Books: Kage Baker's "Company" books


Splendid fun

Kage Baker has written several Science Fiction books that share a premise: In the 24th century, immortality and time travel have been invented. But neither is as good as one might hope. Immortality involves becoming a cyborg and the process can only be used on children. And time travel works in only one direction, backwards. So what do they do with the combination? A shadowy corporation called Dr Zeus (often called "the Company") sends people back to the beginning of the human species to create some immortals who will get to the 24th century the long way, by living through all of human history. They recruit more immortals along the way by applying the same process to promising children who would otherwise die. Recorded history can't be changed, but the immortals can make small changes, such as saving art or species that would otherwise be lost and secreting them somewhere that Dr Zeus will know to look for them in the 24th century.
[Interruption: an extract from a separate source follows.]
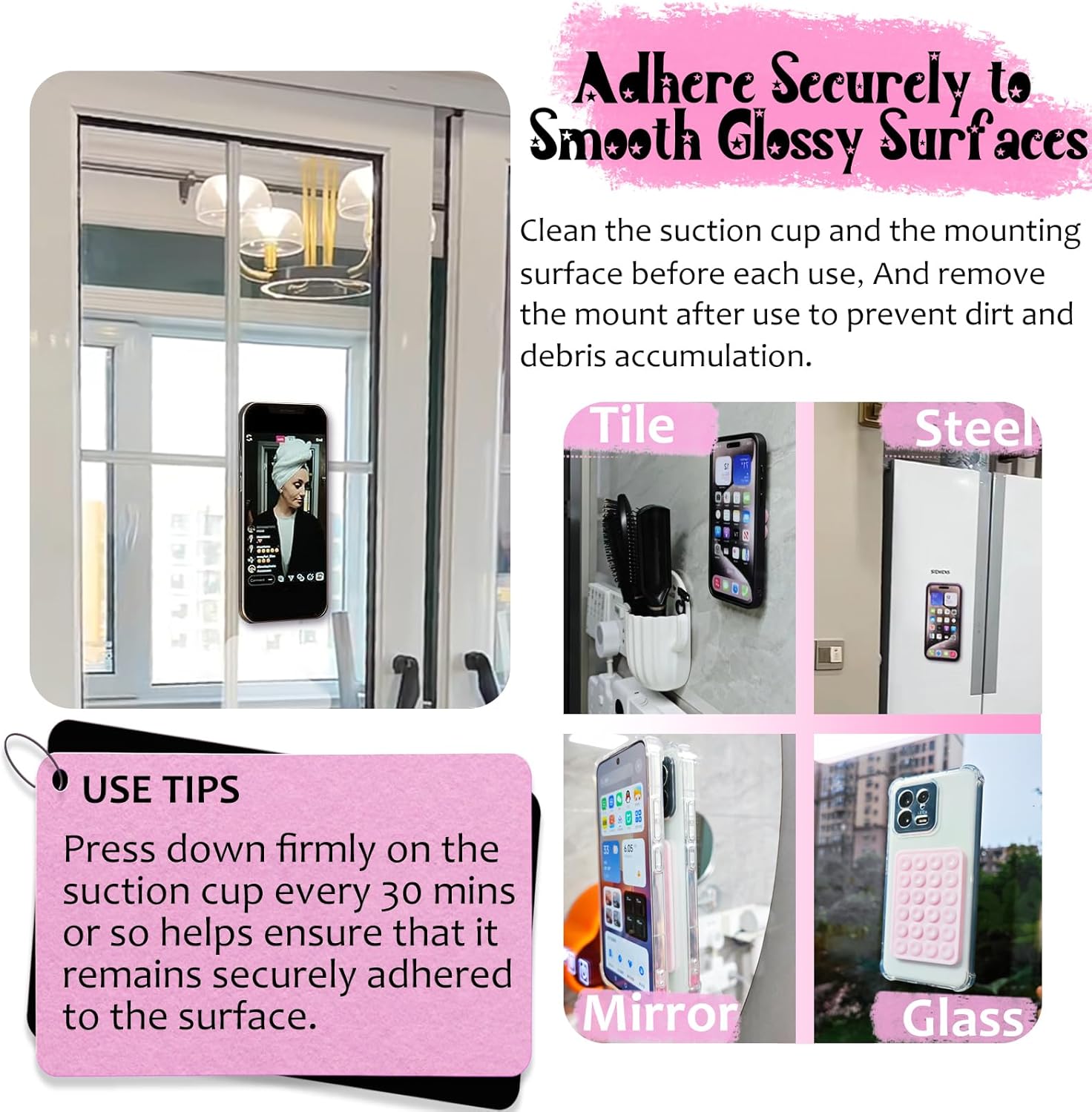 - 【HANDS-FREE & Adhere to Mirrors】This silicone suction phone case adhesive mount allows you to stick your phone to the mirror easily. No longer holding your phone in one hand to watch video tutorials while making up.
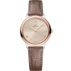 In this 27.5 mm stainless steel – 18K yellow gold model, the PVD Moonshine™ Gold dial features a sun-brushed finish. The display is distinguished by yellow gold-plated hands, as well as alternating Roman numerals and cabochon indexes. The pure look of the timepiece is completed by a full caseback embossed with a God Chronos medallion.

I'm not entirely convinced that there are no internal inconsistencies in how things are worked out in the books, but that's not terribly important since they're lots of fun. The premise allows Ms Baker to have fun with any period of human history. We see Spain under the Inquisition, sixteenth-century England, nineteenth-century California, early twentieth-century Egypt, and so on. Ms Baker uses her broad scope to good effect. Her deft storytelling makes each place and time fascinating.

The stories don't have a lot of drama to them: the immortals are programmed too well to fight among themselves and it's not as though they're likely to lose to monkeys like us. Still, dramatic tension isn't a requirement for a good book and these books are excellent entertainment.

I've read the novels In The Garden of Iden and Sky Coyote, and the story collection The Company Dossiers: Black Projects, White Knights. I fully intend to read the rest and whatever else Ms Baker writes.